**Your instructions:** Scan the records below for the line with "Inspiré par les" and the line with "Перед Иваном —". Repeat those two lines and every line between them exactly, and nothing else.

=== Dataset extract ===

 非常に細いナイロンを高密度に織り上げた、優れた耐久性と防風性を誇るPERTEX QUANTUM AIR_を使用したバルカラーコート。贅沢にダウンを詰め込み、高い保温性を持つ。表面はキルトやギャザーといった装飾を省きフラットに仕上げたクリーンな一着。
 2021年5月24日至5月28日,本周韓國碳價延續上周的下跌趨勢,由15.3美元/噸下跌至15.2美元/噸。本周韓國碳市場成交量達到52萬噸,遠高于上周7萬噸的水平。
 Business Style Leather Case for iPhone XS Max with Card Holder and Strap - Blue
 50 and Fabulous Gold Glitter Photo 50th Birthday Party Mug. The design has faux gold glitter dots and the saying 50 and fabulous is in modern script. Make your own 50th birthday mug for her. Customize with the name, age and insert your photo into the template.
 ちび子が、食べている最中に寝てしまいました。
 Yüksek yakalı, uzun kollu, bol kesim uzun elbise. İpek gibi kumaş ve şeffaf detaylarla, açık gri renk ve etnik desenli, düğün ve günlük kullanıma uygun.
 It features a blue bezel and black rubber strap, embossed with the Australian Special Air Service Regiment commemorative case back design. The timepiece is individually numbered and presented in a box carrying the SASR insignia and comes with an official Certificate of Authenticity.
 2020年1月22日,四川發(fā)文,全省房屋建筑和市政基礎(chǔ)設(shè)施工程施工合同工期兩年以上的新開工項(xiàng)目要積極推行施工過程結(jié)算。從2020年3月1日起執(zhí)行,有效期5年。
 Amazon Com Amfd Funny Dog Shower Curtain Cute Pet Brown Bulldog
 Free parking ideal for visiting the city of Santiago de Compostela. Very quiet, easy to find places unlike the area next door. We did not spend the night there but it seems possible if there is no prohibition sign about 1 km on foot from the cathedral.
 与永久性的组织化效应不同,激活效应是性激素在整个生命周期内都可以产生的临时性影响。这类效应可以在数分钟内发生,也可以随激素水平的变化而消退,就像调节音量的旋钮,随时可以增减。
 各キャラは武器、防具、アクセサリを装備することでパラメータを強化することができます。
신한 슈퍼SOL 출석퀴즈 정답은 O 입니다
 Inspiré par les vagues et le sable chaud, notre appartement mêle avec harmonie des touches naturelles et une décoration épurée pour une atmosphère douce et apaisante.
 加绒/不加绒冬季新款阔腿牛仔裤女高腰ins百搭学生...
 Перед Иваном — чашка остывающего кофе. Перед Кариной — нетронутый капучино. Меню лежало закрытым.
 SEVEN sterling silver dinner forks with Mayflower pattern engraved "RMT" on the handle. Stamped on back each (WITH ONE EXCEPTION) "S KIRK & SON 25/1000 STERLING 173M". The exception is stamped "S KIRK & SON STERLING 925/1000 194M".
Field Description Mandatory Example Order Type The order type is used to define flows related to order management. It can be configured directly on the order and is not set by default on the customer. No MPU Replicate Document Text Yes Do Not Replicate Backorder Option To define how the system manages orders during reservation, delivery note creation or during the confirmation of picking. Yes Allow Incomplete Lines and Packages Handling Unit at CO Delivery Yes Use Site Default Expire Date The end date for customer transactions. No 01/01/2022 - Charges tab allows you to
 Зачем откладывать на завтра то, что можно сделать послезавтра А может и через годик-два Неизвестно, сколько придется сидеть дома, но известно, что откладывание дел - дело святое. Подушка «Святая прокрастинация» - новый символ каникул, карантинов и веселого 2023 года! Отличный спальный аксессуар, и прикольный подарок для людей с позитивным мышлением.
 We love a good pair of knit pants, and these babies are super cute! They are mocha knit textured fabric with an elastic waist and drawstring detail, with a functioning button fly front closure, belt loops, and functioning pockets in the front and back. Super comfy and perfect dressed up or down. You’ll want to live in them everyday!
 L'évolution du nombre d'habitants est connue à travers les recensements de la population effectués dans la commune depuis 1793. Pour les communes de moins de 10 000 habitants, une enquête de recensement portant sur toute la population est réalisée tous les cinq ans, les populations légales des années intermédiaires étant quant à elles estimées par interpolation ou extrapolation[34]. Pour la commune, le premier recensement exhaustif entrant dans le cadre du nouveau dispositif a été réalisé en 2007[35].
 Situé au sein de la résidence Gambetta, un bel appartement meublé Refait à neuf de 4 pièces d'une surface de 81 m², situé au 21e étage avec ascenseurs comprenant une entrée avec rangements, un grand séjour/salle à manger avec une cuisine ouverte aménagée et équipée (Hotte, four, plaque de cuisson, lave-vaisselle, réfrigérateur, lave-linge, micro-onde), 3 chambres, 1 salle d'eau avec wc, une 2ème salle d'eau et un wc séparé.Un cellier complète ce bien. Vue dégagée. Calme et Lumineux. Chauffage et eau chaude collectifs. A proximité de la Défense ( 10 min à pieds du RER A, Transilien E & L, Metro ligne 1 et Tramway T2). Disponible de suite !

===

**Written answer:**
 Inspiré par les vagues et le sable chaud, notre appartement mêle avec harmonie des touches naturelles et une décoration épurée pour une atmosphère douce et apaisante.
 加绒/不加绒冬季新款阔腿牛仔裤女高腰ins百搭学生...
 Перед Иваном — чашка остывающего кофе. Перед Кариной — нетронутый капучино. Меню лежало закрытым.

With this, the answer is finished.